Task prompt
All lines from the one containing "コンソールキャビネット ロココ調 大理石風" through the end of the data below are to be repeated exactly, with pictures left out.

Source data
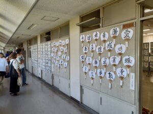 中庭での書道部のダイナミックなパフォーマンスもよいが、やはり授業で学ぶ個々の丁寧な作品も見ごたえがある。経験、未経験問わず、先生の指導をきちんと守りつつ筆を執ったであろうことが伝わる。
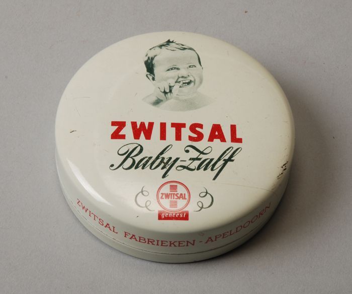Wit cilindrisch blik, met los deksel waarop "Zwitsal...
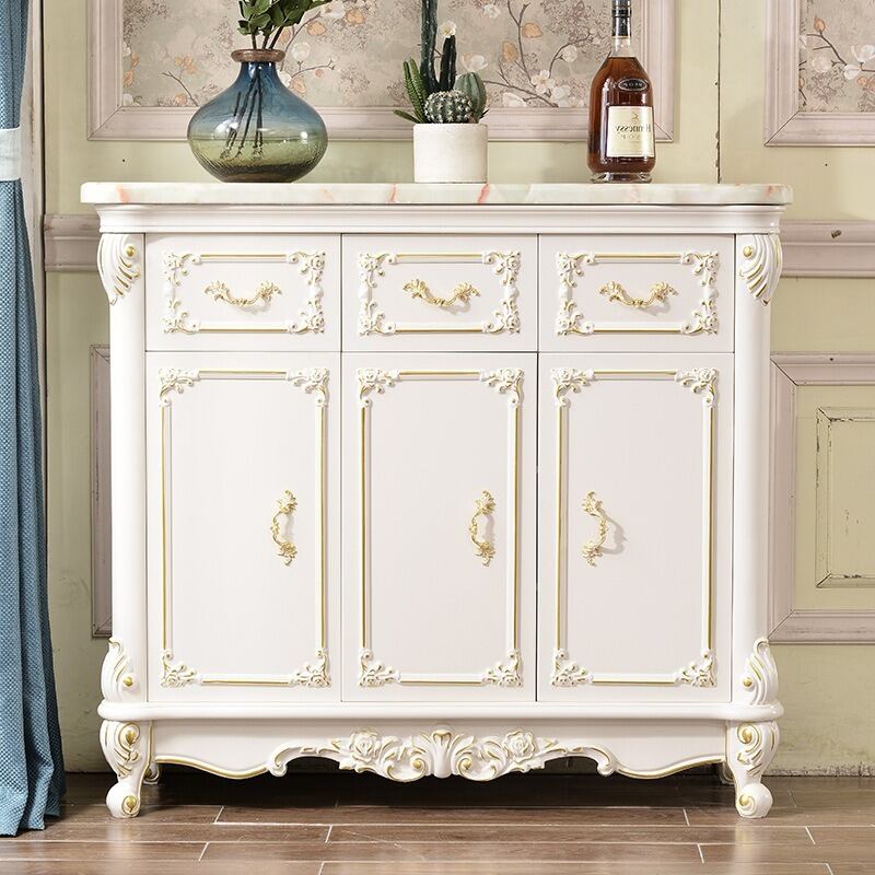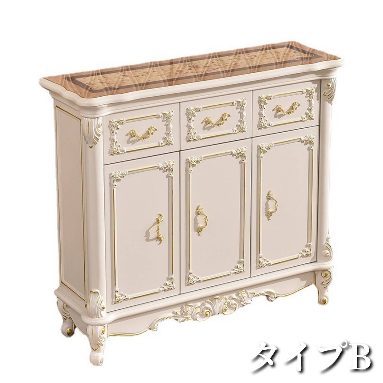 コンソールキャビネット ロココ調 大理石風 木目調 収納家具 高級感 姫系 アンティーク調 無垢材 ホワイト ドレッサー風 クラシカル エレガント ヨーロピアン 上品
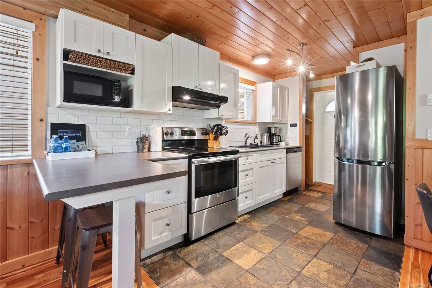 Let the rhythm of the ocean and the whisper of the trees welcome you home to the Seas & Trees Cabin. Nestled on peaceful Spring Cove, a short stroll to iconic Terrace Beach, and the Wild Pacific Trail. This 2-bed, 2-bath getaway sleeps up to 6 and features ocean views, a cozy fireplace, fully stocked kitchen, and a spacious covered deck for dining. Fall asleep to the sound of waves and wake to eagles overhead. Ideal for families + pets, couples, or friends seeking the coastal charm of Ucluelet.

Solution below
 コンソールキャビネット ロココ調 大理石風 木目調 収納家具 高級感 姫系 アンティーク調 無垢材 ホワイト ドレッサー風 クラシカル エレガント ヨーロピアン 上品
 Let the rhythm of the ocean and the whisper of the trees welcome you home to the Seas & Trees Cabin. Nestled on peaceful Spring Cove, a short stroll to iconic Terrace Beach, and the Wild Pacific Trail. This 2-bed, 2-bath getaway sleeps up to 6 and features ocean views, a cozy fireplace, fully stocked kitchen, and a spacious covered deck for dining. Fall asleep to the sound of waves and wake to eagles overhead. Ideal for families + pets, couples, or friends seeking the coastal charm of Ucluelet.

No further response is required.